__The data__:
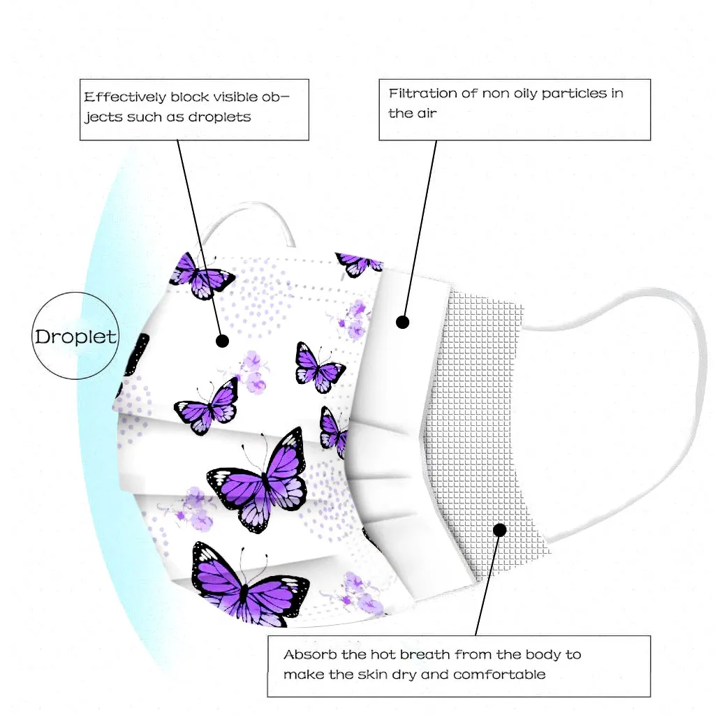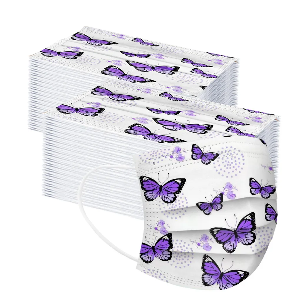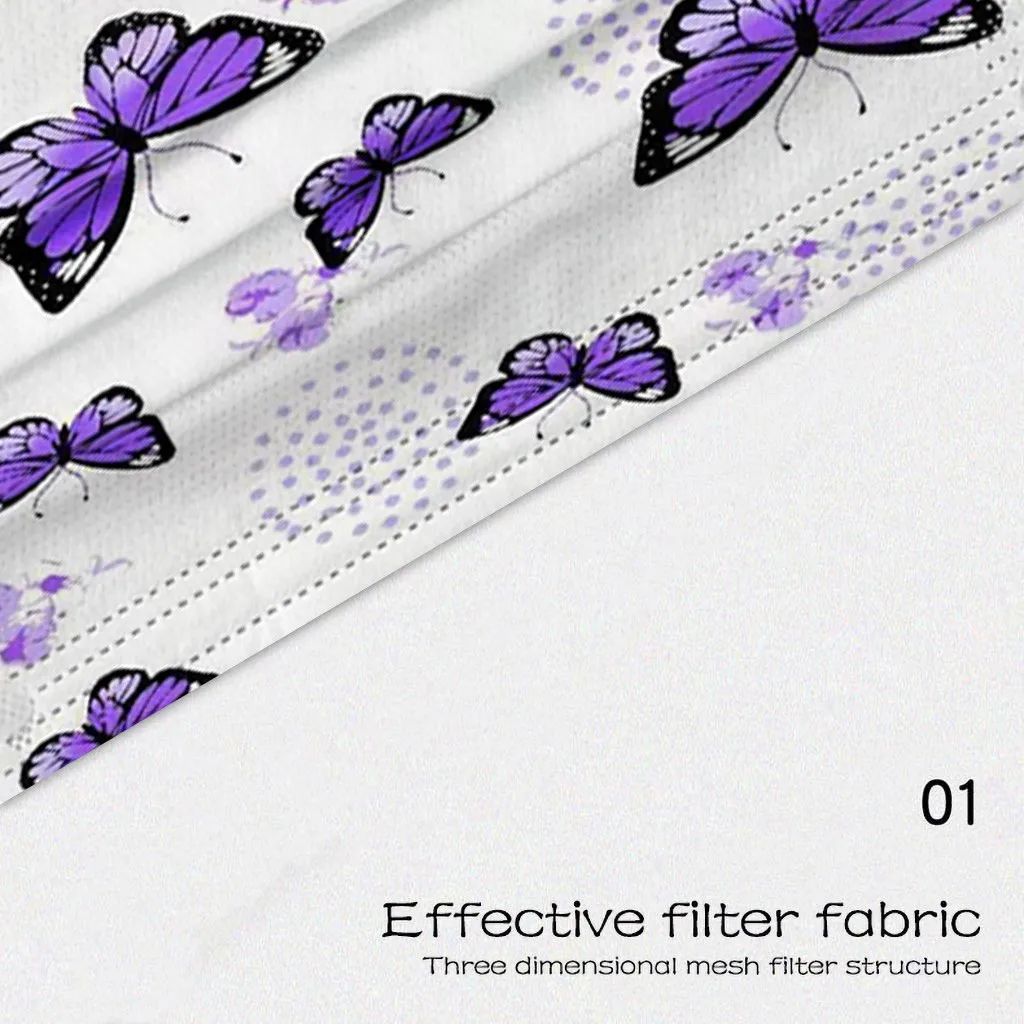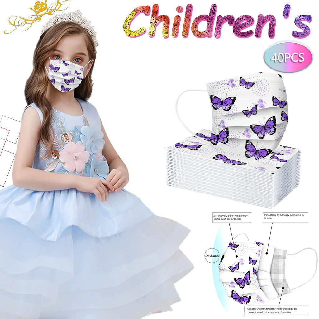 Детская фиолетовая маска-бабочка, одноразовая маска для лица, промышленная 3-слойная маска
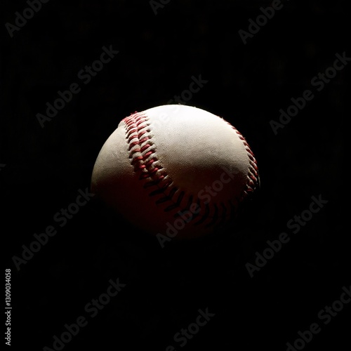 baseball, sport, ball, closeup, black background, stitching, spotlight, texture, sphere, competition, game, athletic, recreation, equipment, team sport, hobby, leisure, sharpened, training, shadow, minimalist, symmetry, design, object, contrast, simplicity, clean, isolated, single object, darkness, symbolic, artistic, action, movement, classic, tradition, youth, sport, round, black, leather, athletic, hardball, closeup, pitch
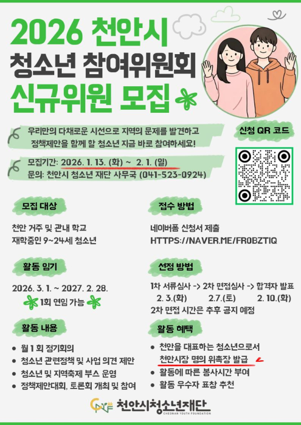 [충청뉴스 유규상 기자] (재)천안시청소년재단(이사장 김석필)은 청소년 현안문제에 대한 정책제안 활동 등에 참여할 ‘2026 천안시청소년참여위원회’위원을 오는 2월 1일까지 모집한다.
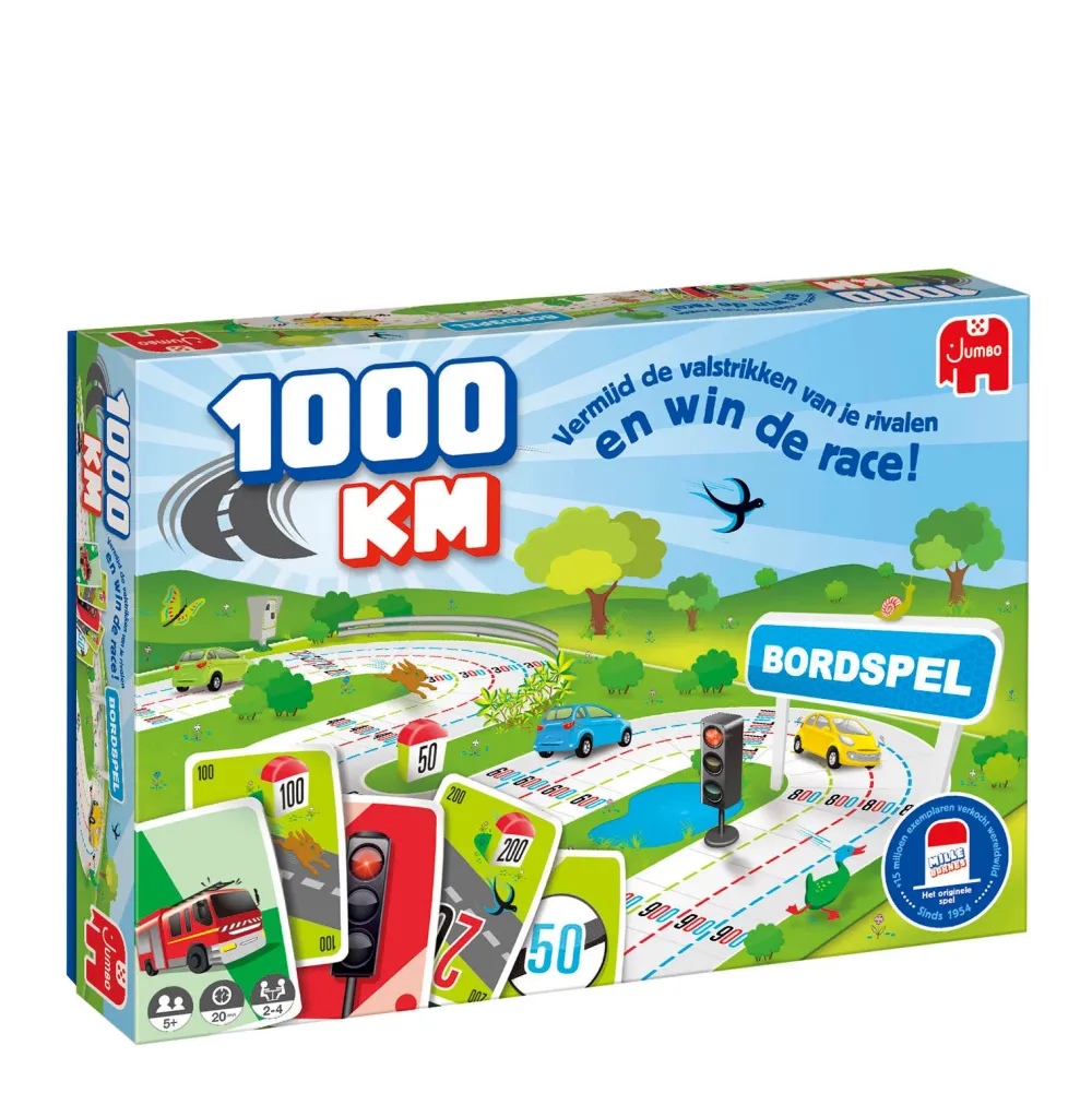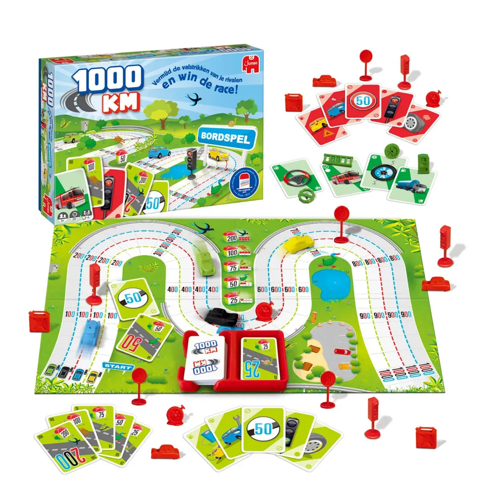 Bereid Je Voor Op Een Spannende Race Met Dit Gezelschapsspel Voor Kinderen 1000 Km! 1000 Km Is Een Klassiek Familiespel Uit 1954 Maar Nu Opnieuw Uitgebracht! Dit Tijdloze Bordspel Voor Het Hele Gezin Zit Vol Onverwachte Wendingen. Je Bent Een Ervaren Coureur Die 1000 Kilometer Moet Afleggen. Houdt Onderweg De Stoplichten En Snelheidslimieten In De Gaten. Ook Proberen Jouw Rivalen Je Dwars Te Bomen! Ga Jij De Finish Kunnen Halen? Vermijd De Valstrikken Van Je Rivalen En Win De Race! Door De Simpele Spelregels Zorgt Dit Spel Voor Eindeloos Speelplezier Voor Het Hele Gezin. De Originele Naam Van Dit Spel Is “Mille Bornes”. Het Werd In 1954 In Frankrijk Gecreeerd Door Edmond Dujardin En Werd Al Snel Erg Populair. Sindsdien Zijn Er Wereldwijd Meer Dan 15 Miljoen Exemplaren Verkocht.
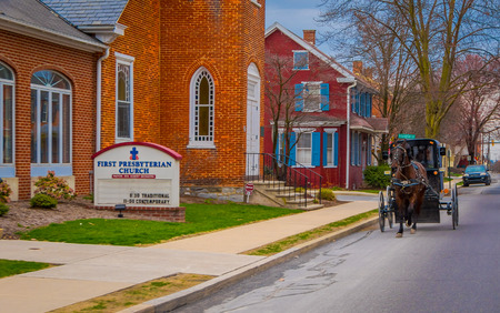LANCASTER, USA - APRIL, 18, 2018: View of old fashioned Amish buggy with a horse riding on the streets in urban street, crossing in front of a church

==

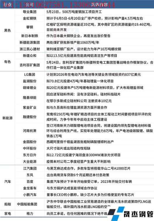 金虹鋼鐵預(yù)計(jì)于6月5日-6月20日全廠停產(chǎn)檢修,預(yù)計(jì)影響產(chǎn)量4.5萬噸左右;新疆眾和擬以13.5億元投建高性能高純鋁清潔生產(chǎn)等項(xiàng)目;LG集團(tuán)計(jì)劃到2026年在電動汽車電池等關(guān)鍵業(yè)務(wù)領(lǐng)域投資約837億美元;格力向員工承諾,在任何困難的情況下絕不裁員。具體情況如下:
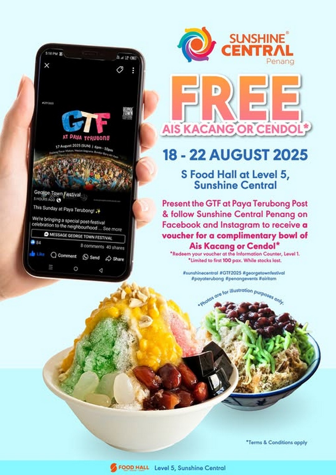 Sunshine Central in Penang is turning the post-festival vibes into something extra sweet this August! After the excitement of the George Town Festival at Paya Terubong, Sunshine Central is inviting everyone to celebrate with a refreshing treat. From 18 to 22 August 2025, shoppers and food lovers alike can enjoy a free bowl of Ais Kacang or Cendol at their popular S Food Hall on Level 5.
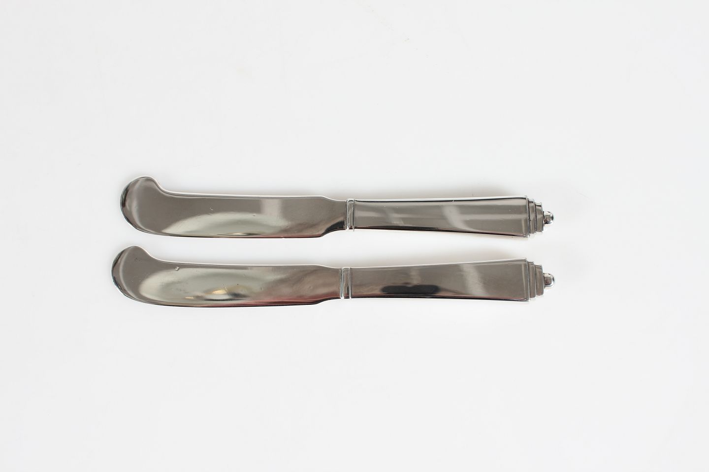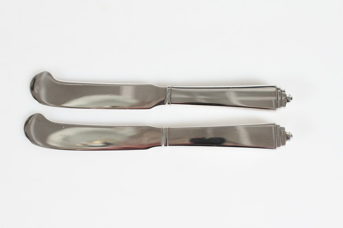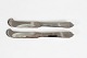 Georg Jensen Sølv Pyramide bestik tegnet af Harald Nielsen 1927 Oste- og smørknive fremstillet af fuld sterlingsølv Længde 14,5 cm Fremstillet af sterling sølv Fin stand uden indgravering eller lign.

* * *

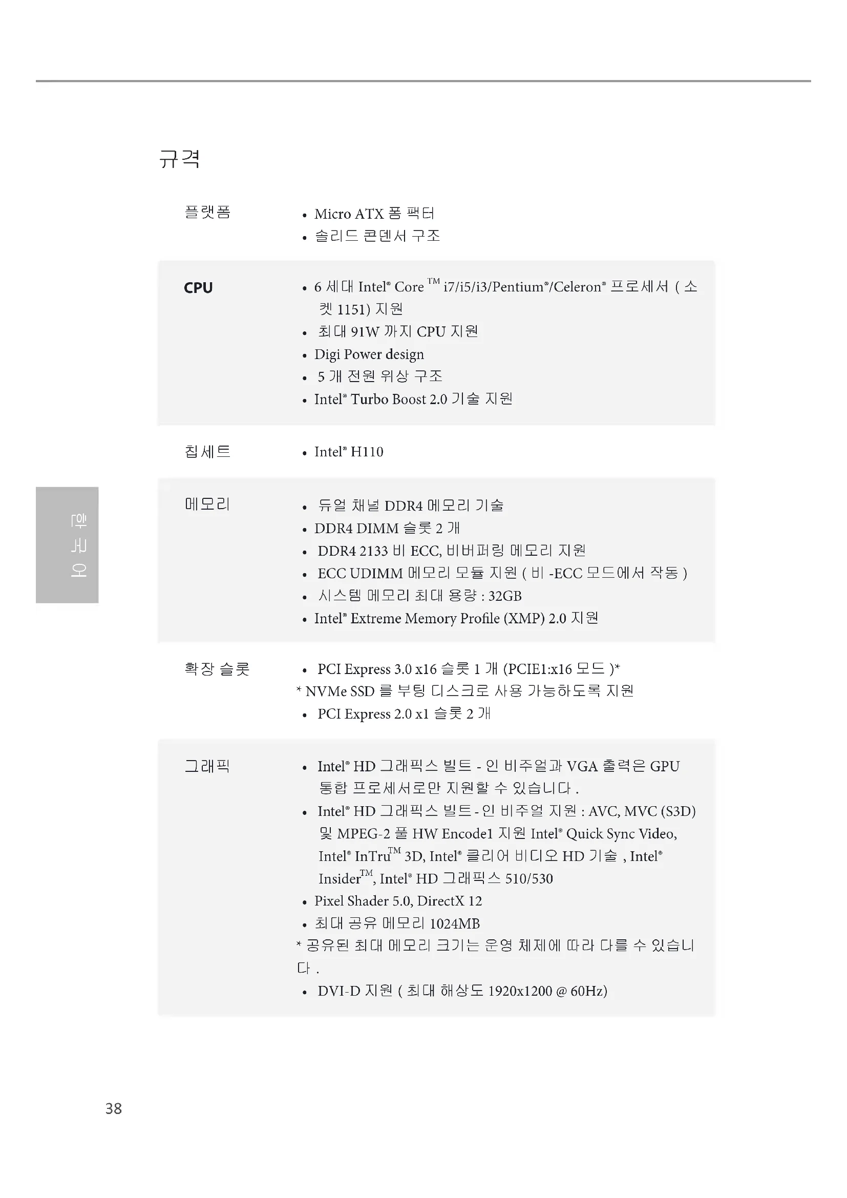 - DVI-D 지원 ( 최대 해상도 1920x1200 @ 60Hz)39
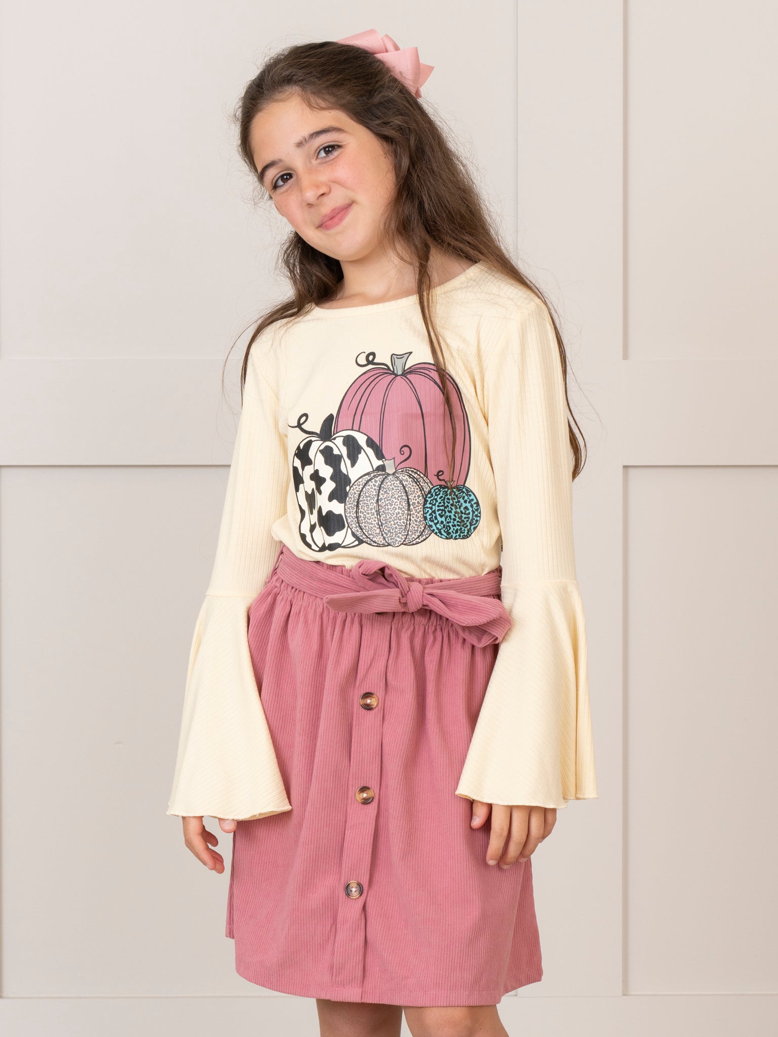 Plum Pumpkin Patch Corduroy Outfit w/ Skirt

__Assignment__: Of all the material above, only the lines from the one that has "[충청뉴스 유규상 기자]" down to the one that has "LANCASTER, USA - APRIL, 18, 2018: View" are to be written out, exactly and with both ends included. Pictures are skipped.

__Result for this exercise__:
 [충청뉴스 유규상 기자] (재)천안시청소년재단(이사장 김석필)은 청소년 현안문제에 대한 정책제안 활동 등에 참여할 ‘2026 천안시청소년참여위원회’위원을 오는 2월 1일까지 모집한다.
 Bereid Je Voor Op Een Spannende Race Met Dit Gezelschapsspel Voor Kinderen 1000 Km! 1000 Km Is Een Klassiek Familiespel Uit 1954 Maar Nu Opnieuw Uitgebracht! Dit Tijdloze Bordspel Voor Het Hele Gezin Zit Vol Onverwachte Wendingen. Je Bent Een Ervaren Coureur Die 1000 Kilometer Moet Afleggen. Houdt Onderweg De Stoplichten En Snelheidslimieten In De Gaten. Ook Proberen Jouw Rivalen Je Dwars Te Bomen! Ga Jij De Finish Kunnen Halen? Vermijd De Valstrikken Van Je Rivalen En Win De Race! Door De Simpele Spelregels Zorgt Dit Spel Voor Eindeloos Speelplezier Voor Het Hele Gezin. De Originele Naam Van Dit Spel Is “Mille Bornes”. Het Werd In 1954 In Frankrijk Gecreeerd Door Edmond Dujardin En Werd Al Snel Erg Populair. Sindsdien Zijn Er Wereldwijd Meer Dan 15 Miljoen Exemplaren Verkocht.
LANCASTER, USA - APRIL, 18, 2018: View of old fashioned Amish buggy with a horse riding on the streets in urban street, crossing in front of a church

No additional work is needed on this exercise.